Он так и лез в драку. Володе стоило больших усилий сдержаться и не дать ему тумака.
Впрочем, скоро Женька остыл. Он не прочь был, пожалуй, и помириться с Володей. Все равно катанье провалилось. Но опять эти весла! Пока Женя оттащил их на место и вернулся к лодке, Володя ушел.
Володя возвращался домой в том приподнятом состоянии духа, какое бывает у человека, когда он знает, что победил в себе слабость. Дело, конечно, не в уроках: уроки успелись бы. Просто ему нравилось проверять волю.
— Бабушка, есть! — на весь дом крикнул Володя.
Теперь они с бабушкой всё вдвоем да вдвоем. Отец приходит домой только ночевать. А бабушка последнее время перестала ездить в гости. Она часто сидит у окна, ничего не делая, положив на колени сухие, жилистые руки, и иногда вдруг заснет, свесив голову набок. Она не любит, чтобы замечали эти минутные сны, которые внезапно настигают ее среди бела дня, и, проснувшись, виновато оглядывается: не заметил ли кто?
— Бабушка! Бабуся! — Володя обнял бабушку, и сердце тронула неясная грусть — какая она маленькая, худенькая!
Она становится все меньше и меньше. Да нет, это он поднялся, перерос ее на две головы. Когда они вдвоем, Володя, как в детстве, не стесняясь, целует ее в морщинистые щеки.
— Бабуся! Печеное яблоко!
Нет, ничего не изменилось. Володя помнит — и раньше, ласкаясь, называл ее печеным яблоком. Она всегда была морщинистой, ходила частыми шажками и тихонько смеялась, — он ее другой никогда и не знал.
— Ласков ты, Володюшка! Много грехов с тебя за ласковость скинется.
— Бабушка, кто мне грехи скидывать будет?
— Да хоть бы я! Хотела пожурить, что опоздал к обеду, а, пожалуй, прощу.
Пока он умывался, она подала на стол обед и села у плиты.
— О чем ты все думаешь, бабушка?
— О старости своей.
— Интерес большой думать о старости! Ты не старая, бабушка. Ты всю жизнь такая!
— Потешник ты, Володюшка! Ан нет, было время — была не такой. В молодые годы люди заглядывались. Сама-то я о своей красоте не догадывалась, а люди замечали. Дед твой, Федор Потапов, птахой меня называл. Певуньей и вправду была я. Все-то пою. С чего пою, сама не знаю. С молодости, видно. Теперь бы, по жизни, и петь, да годы не дают.
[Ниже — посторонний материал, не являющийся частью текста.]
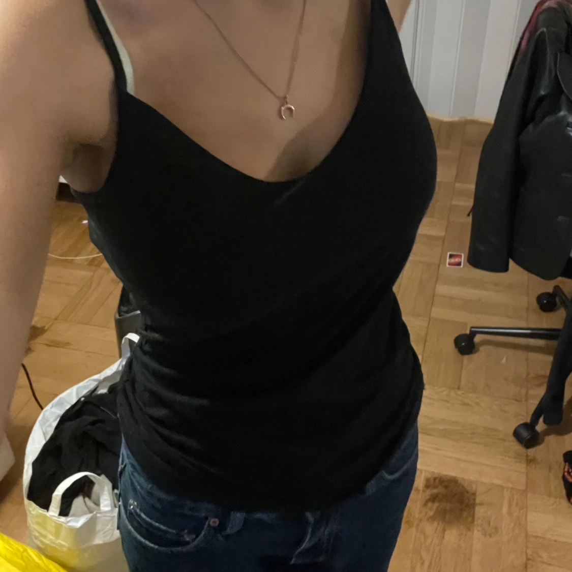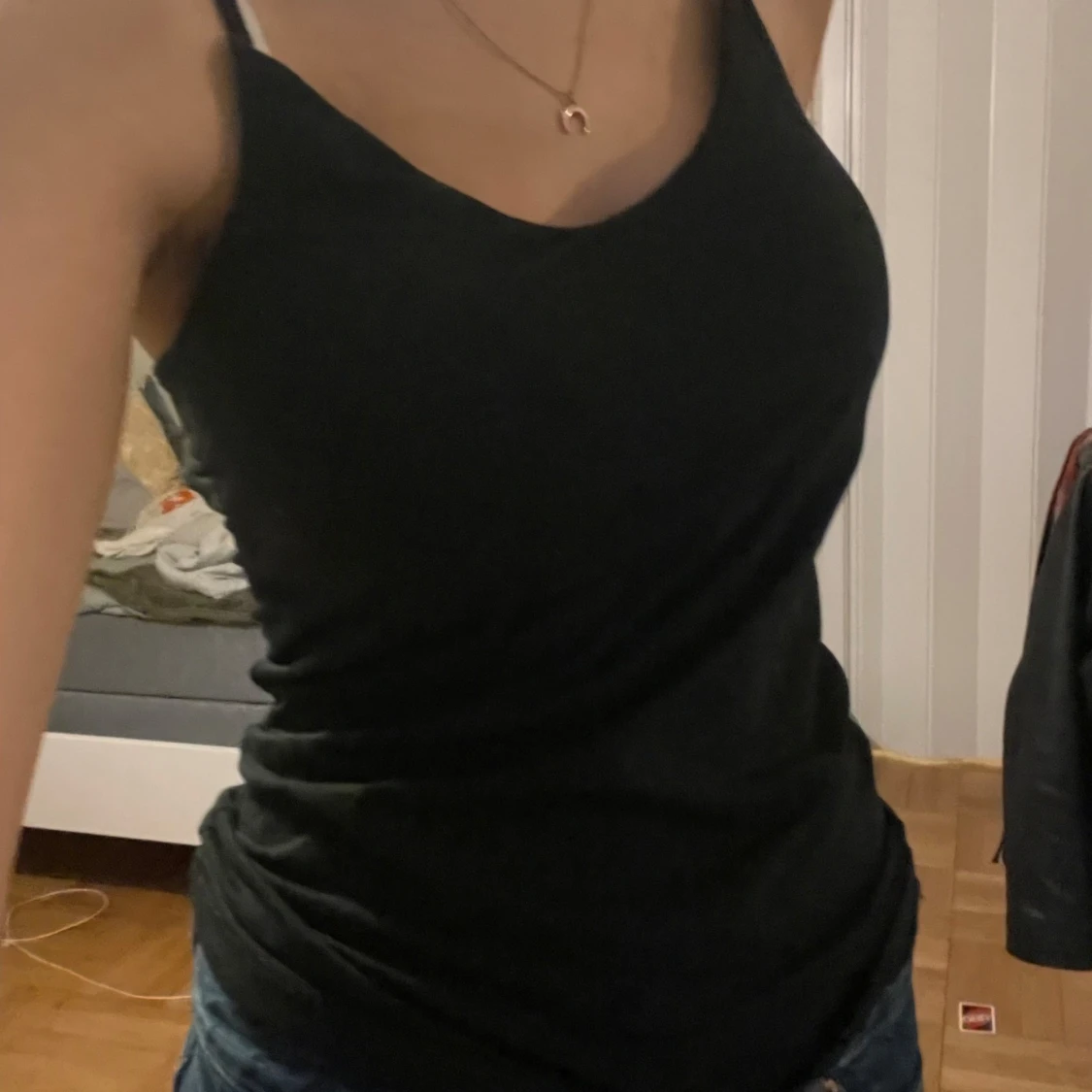 Snygg och enkel svart linnetopp med smala axelband. Perfekt för sommardagar eller som lager under en tröja. Toppen har en tight passform och är gjord i ett mjukt och bekvämt material.

Бабушка рассказывала свою жизнь, словно длинную сказку.
— Сказывать, что ли?
— Давай, бабушка, давай говори.
— Не знаю, угожу ли нынче тебе. Невеселое вспомнилось… Слушай. Ну вот. Поженились мы с твоим дедом и зажили. После свадьбы нас в фабричную казарму вселили, угол дали у порога в артельной каморке. Возле окна жила семья из шести душ — муж, жена да четверо ребятишек; мы от них занавеской отгорожены. Я свой угол прибрала, украсила: набила к стене над кроватью картинок, стол прикрыла скатеркой, наломала осеннего клену, поставила в крынку — всю зиму он у нас красным пожаром горел.
В других семьях муж с нужды да с вина на второй месяц после свадьбы жену «учить» возьмется, а меня Федор не то что пальцем — словом ни разу не обидел.
Только, видно, счастье с несчастьем двор о двор живут.
В сновальной у Федора мастер был зверь. Раз твой дед дерзко с ним поговорил, и привязалась с той поры к нам беда.
Пошли угрозы да штрафы. Мастер в цеху так коршуном вокруг Феди и вьется, клюет и клюет ни за что. Вижу, стал мой Федор задумываться.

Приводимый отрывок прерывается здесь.